Microwave photonic frequency measurements are usually reported using frequency-to-power mapping, frequency-to-space mapping, and frequency-to-time mapping approaches. For frequency measurement based on frequency-to-power mapping, an amplitude comparison function (ACF) is normally built utilizing a dispersive element [4], optical filters [5], or optical mixing [6] to convert the unknown frequency to a power ratio. However, the frequency-to-power mapping scheme can only measure microwave frequency with a single tone, thus greatly limiting its applications for practical scenarios.

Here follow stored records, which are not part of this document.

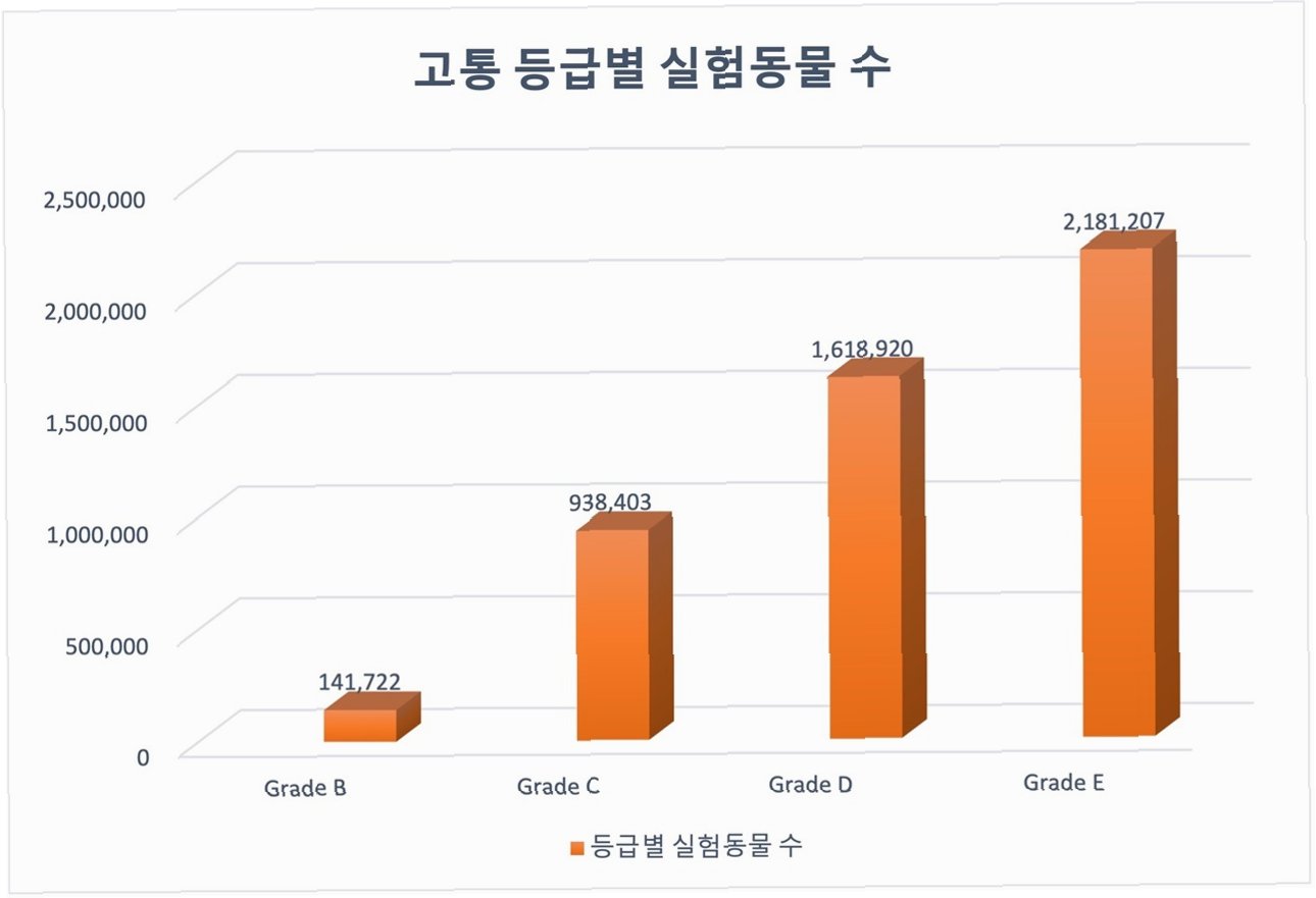 한국의 동물실험은 더욱 잔혹해지는 추세입니다. 농림축산검역본부의 보고서에 따르면, 지난해 국내 동물실험 중 51.5%가 E등급, 즉 최고 고통 등급으로 분류되었습니다. 이는 2015년 30%에 불과했던 것에 비해 급증한 수치입니다. 이러한 결과는 230만 마리에 달하는 동물이 극심한 고통을 겪었다는 것을 의미합니다. 반면, 고통이 없는 B등급 실험은 4.5%로 미미한 수준에 그쳤습니다. 이러한 현실은 미국, 유럽 등 주요 선진국과 비교했을 때 더욱 두드러지며, 한국 동물실험의 윤리적 기준이 얼마나 낮은지를 보여줍니다.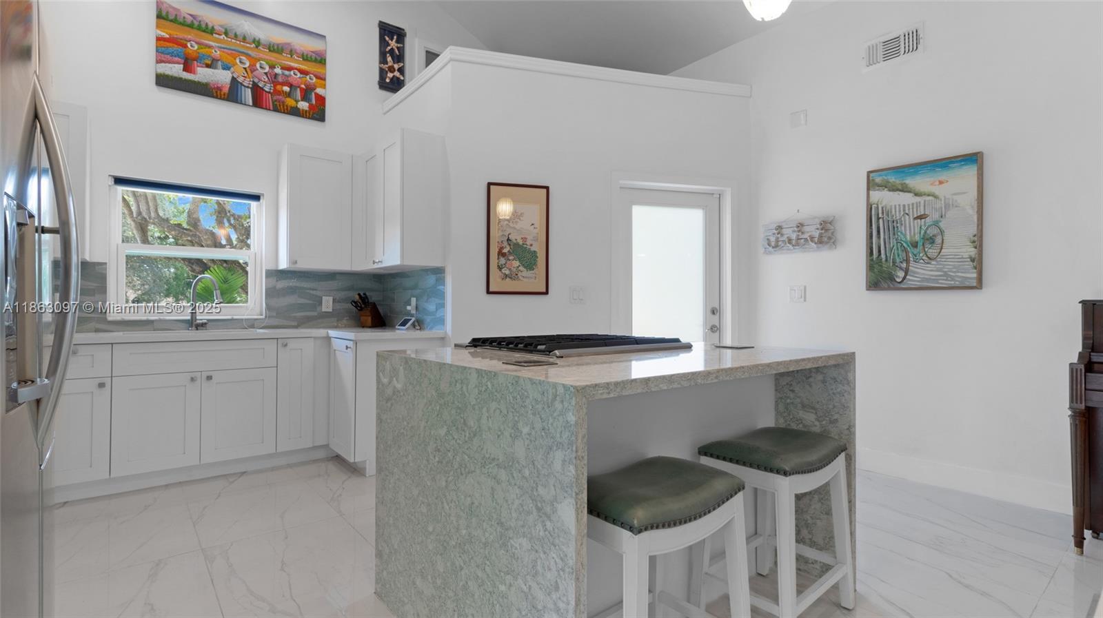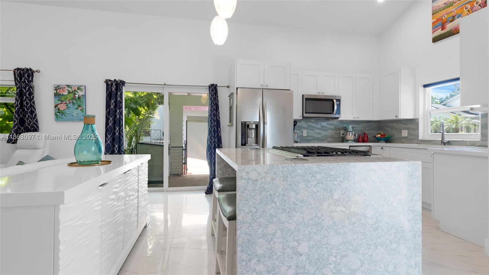 Discover a pleasant and inviting living space that boasts 3 bedrooms and 2 modern bathrooms, a laundry room with 2 closets, and a convenient carport. This home showcases a seamless layout that connects an open living area with a striking vaulted ceiling to a contemporary kitchen, which is highlighted by an island and recessed lighting. The kitchen is outfitted with a dual-fuel range featuring a downdraft vent. As per the seller, all renovations have been completed with permits. Upgrades include: impact windows and doors, a renovated kitchen and bathrooms, plumbing, and electrical work. Property strategically located just one block away from Trader Joe's and within walking distance of the Shops at Merrick Place.
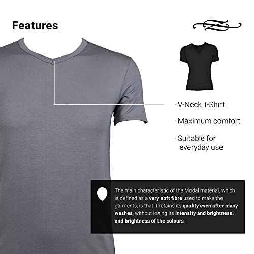 Z ZENZERO' 1959-1 Pack T-Shirt Uomo Scollo a V - Tinta Unita - in Cotone Modal - Tessuto Elasticizzato (Perla, L)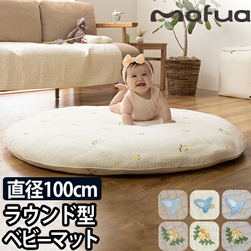 モフア ベビーマット イブル ラウンド型 丸洗いできるベビーマット 刺繍入 364659 ベビークッション 円形 ベビー プレイマット カバー お昼寝 ママ 厚手 マタニティ 洗える 赤ちゃん かわいい コットン 洗濯 綿 直径100cm ベビーマット 丸洗い クッション 1年保証 mofua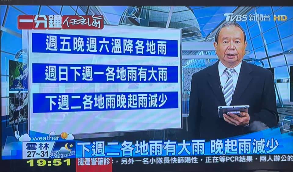 ▼詹怡宜表示,任立渝早就有退休的念頭,之前也曾延後離開的時程,如今因為疫情不好再延,所以他31日最後一天上班。「講了50年天氣,也該過輕鬆生活了。」、「『疫情中大家不注意這個,剛好我就靜靜退吧』,這可能正好符合任大哥低調的性格。」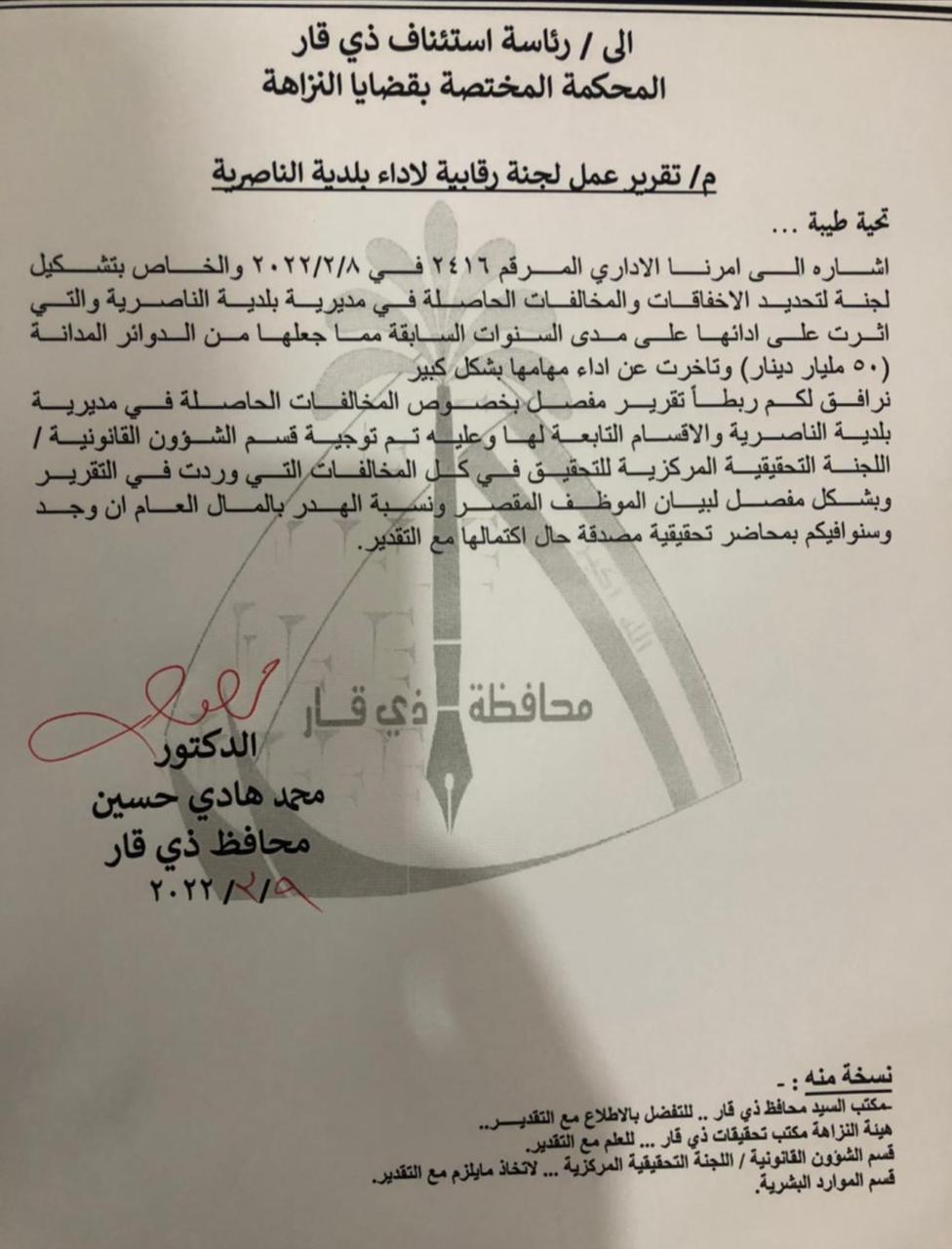 أخبار الناصرية بالوثيقة..احالة مخالفات بلدية الناصرية الى النزاهة في 10/03/2022 جريدة الناصرية الالكترونية: محافظ ذي قار يحيل مخالفات بلدية الناصرية الى محكمة النزاهة لتحديد المقصرين ومحاسبتهم. شارك هذا الموضوع: النقر للمشاركة على X (فتح في نافذة جديدة) X انقر للمشاركة على فيسبوك (فتح في نافذة جديدة) فيس بوك مرتبط أكمل القراءة

The principle of microwave frequency measurement based on frequency-to-space mapping is an actual conversion from microwave frequency to distributions at different spatial positions or amplitude distributions of different optical channels [7]. The limitation of the frequency-to-power mapping and frequency-to-space mapping approaches is that they are hardly reconfigurable. A noteworthy channelization method involves the use of sawtooth wave modulation to generate an optical frequency comb for frequency measurement [8]. The signal under test is down-converted into a low-frequency pair due to channelization. The unknown frequency is determined by the amplitude and frequency of the frequency pair. However, because the intensity difference between channels decreases with the increase in the number of channels, the measurement range is limited to the first eight channels. When accounting for the frequency response flatness and noise levels of the devices, the frequency measurement range and accuracy are further constrained. For the frequency-to-time mapping scheme, microwave frequency can be obtained with pulse identification. The stimulated Brillouin scattering effect, Fourier domain mode-locked lasers, or optoelectronic oscillators is used to assist in generating a pulse [7,9,10,11,12,13,14,15]. However, the mentioned schemes usually involve the usage of optical fiber dispersion [16] or a complicated channelizer [9].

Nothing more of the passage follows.